• [TASK GOAL]:
Could you copy exactly the lines below from the one with "Green shield with" to the one with "Un únic bolt", inclusive, leaving out any pictures?

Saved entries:
· · · ·

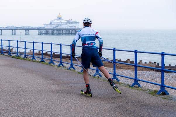 One young GB Biathlete, Jack White, a former pupil of Heathfield Community College and Bede’s can regularly be spotted training on a stretch of East Sussex seafront at Eastbourne. For UK training, rollerskiing on tarmac is used to imitate the skiing technique. The sight of him polling down on rubber wheels can still stop passers-by in their tracks. For Jack, the seafront promenade and local cyclepath between Polegate and Lewes provide smooth surfaces and solid training ground for international sporting ambition. With hills, corners and long flats that has carried him from the Sussex to Scandinavia and Central Europe.
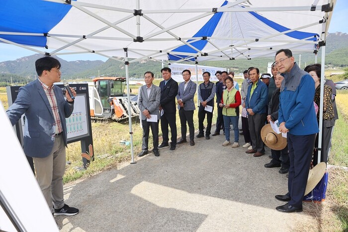 군은 18일 농림축산식품부 공모사업으로 선정된 ‘저탄소 벼 논물관리 기술보급 시범사업’사업대상지인 계곡면 방춘리 일원에서 벼수확과 함께 현장 설명회를 개최했다.
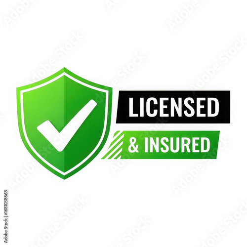 Green shield with checkmark and text licensed insured isolated on transparent background
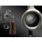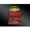 Le coffret en bois est recouvert de percaline noire, avec un monogramme au niveau de la poignée. L’intérieur est garni de feutre bordeaux et d’un tournevis.
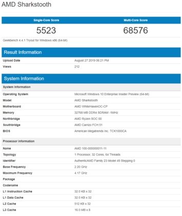 Denna “Sharktooth”-modell lyckas i Windows-versionen av Geekbench 4 kamma hem 5 523 poäng i den del av testsviten som nyttjar endast en processorkärna. Sett till delen där samtliga tillgängliga kärnor och trådar nyttjar landar poängen på 68 576. Detta kan jämföras med dagens Threadripper 2990WX som skrapar ihop 4 776 poäng i den enkeltrådade delen och 36 042 poäng i den flertrådade. Även Intels nuvarande flaggskepp Xeon W-3175X möter sin överman hos Sharktooth. Intels modell i sitt basutförande hamnar på 5 148 och 38 494 poäng i den enkeltrådade respektive flertrådade delen av testsviten.
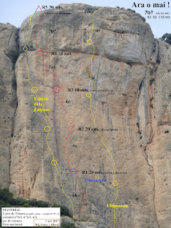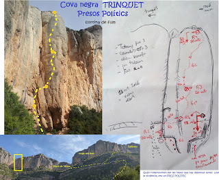 Un únic bolt de progresió (qui té les mans tacades de sang???) per protegir una secció de pedra dubtosa que millorará amb les repeticions , dos bolts nous en una reunió penjada, i altres dues reunions aprofitades de vies ja existents. No hi trobareu altra ferro.
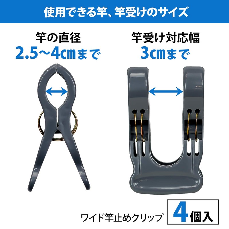 Sawafuji WS-04C Wide Rod Clip 4 Pieces Gray Width 3.0 x Thickness 2.5 x Height 5.0 inches (7.7 x 6.4 x 12.8 cm)
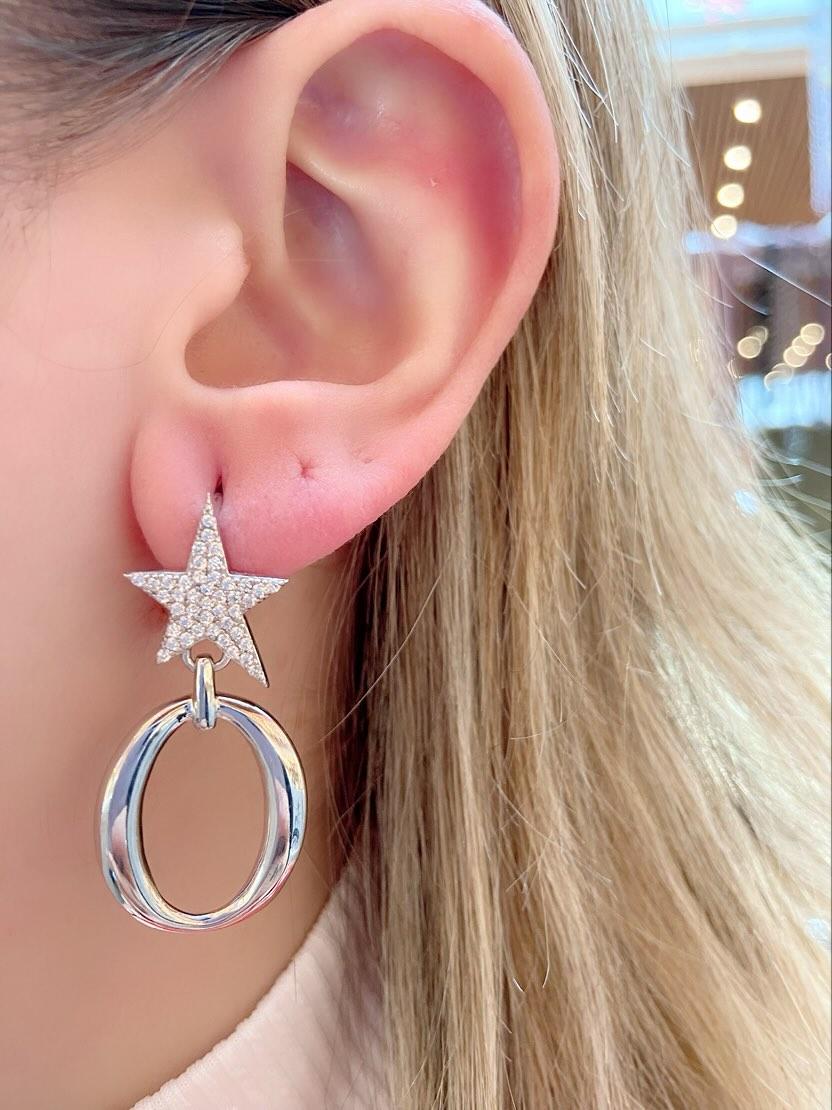 Zirkon Taşlı Yıldız Halka Küpe
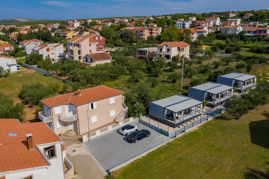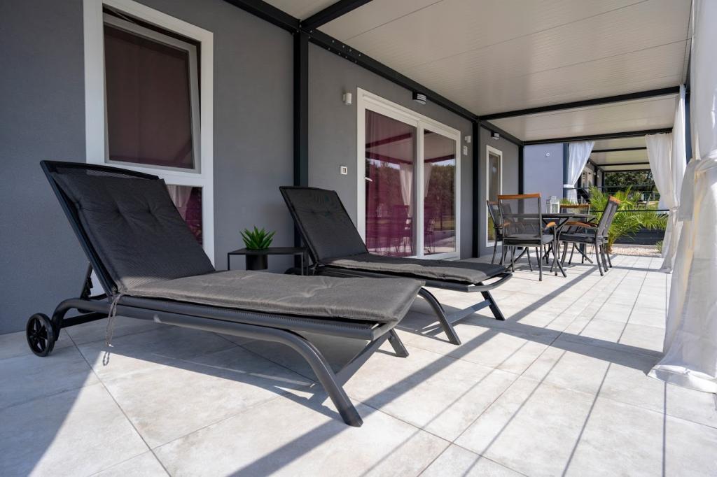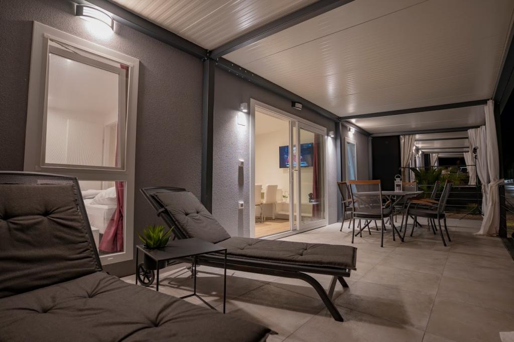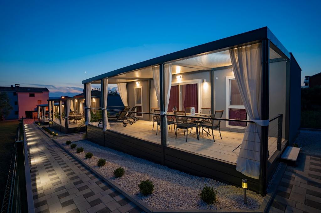 Mobile kućice nalaze se blizu pješčane plaže 200 m, od centra 400m iu tihom okruženju. Luksuzno su namještene TV, Wi-Fi, dvije spavaće sobe ,dvije kupaone. Potpuno opremljenom kuhinjom sa strojem za pranje suđai boravkom. 40 m2 ukupne površine. Klimatizirano.. Vanjska natkrivena terasa od 27 m2 sa ljetnim namještajem. Parking.

· · · ·

• [RESULT FOR THIS TASK]:
 Green shield with checkmark and text licensed insured isolated on transparent background
 Le coffret en bois est recouvert de percaline noire, avec un monogramme au niveau de la poignée. L’intérieur est garni de feutre bordeaux et d’un tournevis.
 Denna “Sharktooth”-modell lyckas i Windows-versionen av Geekbench 4 kamma hem 5 523 poäng i den del av testsviten som nyttjar endast en processorkärna. Sett till delen där samtliga tillgängliga kärnor och trådar nyttjar landar poängen på 68 576. Detta kan jämföras med dagens Threadripper 2990WX som skrapar ihop 4 776 poäng i den enkeltrådade delen och 36 042 poäng i den flertrådade. Även Intels nuvarande flaggskepp Xeon W-3175X möter sin överman hos Sharktooth. Intels modell i sitt basutförande hamnar på 5 148 och 38 494 poäng i den enkeltrådade respektive flertrådade delen av testsviten.
 Un únic bolt de progresió (qui té les mans tacades de sang???) per protegir una secció de pedra dubtosa que millorará amb les repeticions , dos bolts nous en una reunió penjada, i altres dues reunions aprofitades de vies ja existents. No hi trobareu altra ferro.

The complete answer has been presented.